M. le comte *** veut bien se charger de mes compliments au sujet du mariage de Mademoiselle votre fille. Je ne m’habitue pas à l’idée que mon aimable Présidente soit menacée d’être grand’mère d’ici à un an. Ce sont de ces coups de la Providence auxquels il faut se résigner ; mais, pour être grand’mère, vous n’en serez pas moins, et à jamais, la digne Présidente des cours d’amour, et vous me paraîtrez toujours la jeune comtesse Lise traînant tous les cœurs après soi.

Monsieur votre beau-frère vous dira en quel état il m’a trouvé. Très-bien, s’il m’avait vu il y a deux mois, assez mal au fond, car je suis bien loin d’être soulagé de mes tristes maux. Je suis toujours fort souffreteux et obligé de vivre comme un ermite. Je ne sors plus le soir, je ne vais plus dans le monde, je suis devenu tout à fait philosophe. Vous savez que j’avais quelques dispositions à l’ourserie, et ce n’est pas le monde que je regrette. Notre belle souveraine m’avait offert de me mener voir l’ouverture du canal de Suez. J’ai eu le courage de refuser ; mais il eût été par trop indiscret d’accepter et de lui donner l’ennui d’un malade et l’embarras peut-être d’un mort, car, de temps à autre, il me vient des velléités de quitter cette terre de misères. Je ne sais ce que je vais faire cette année ; peut-être m’enverra-t-on à quelques bains en Allemagne, et je serais bien heureux si je pouvais, sur ma route, trouver l’occasion de vous baiser la main et de me faire présenter au jeune couple amoureux. Ce sont des projets, et je n’ose plus en faire.

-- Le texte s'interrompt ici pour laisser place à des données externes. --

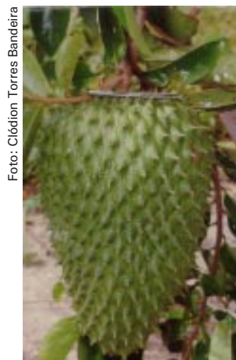
Fig. 2. Graviola tipo Morada.

O solo do local do experimento é classificado como Podzólico Vermelho-Amarelo distrófico e apresenta relevo plano.

Je n’ai pas pu encore présenter mes hommages à Madame votre sœur. On me dit qu’on ne la voit que le soir, et je suis enfermé chez moi aussitôt après le soleil couché.

Comme il faut bien faire quelque chose, j’écrivaille un peu. Je fais en ce moment, pour le Journal des Savants, une histoire de la princesse Tarakanof ; et, pendant que j’étais à Cannes, j’ai fait deux petites nouvelles aussi morales que celle dont vous avez eu l’étrenne à Nice il y a deux ou trois ans. Peut-être, un jour, serez-vous assez désœuvrée pour en écouter la lecture et me donner une tasse de thé pour ma peine.

Adieu, chère Présidente, veuillez agréer l’expression de tous les respectueux hommages de votre très-humble secrétaire.

Je viens d’envoyer cette lettre à Monsieur votre beau-frère. Il est parti un jour plus tôt qu’il ne m’avait dit. Je vous expédie donc ma prose par la poste et vous prie de nouveau de croire à tous mes sentiments bien dévoués.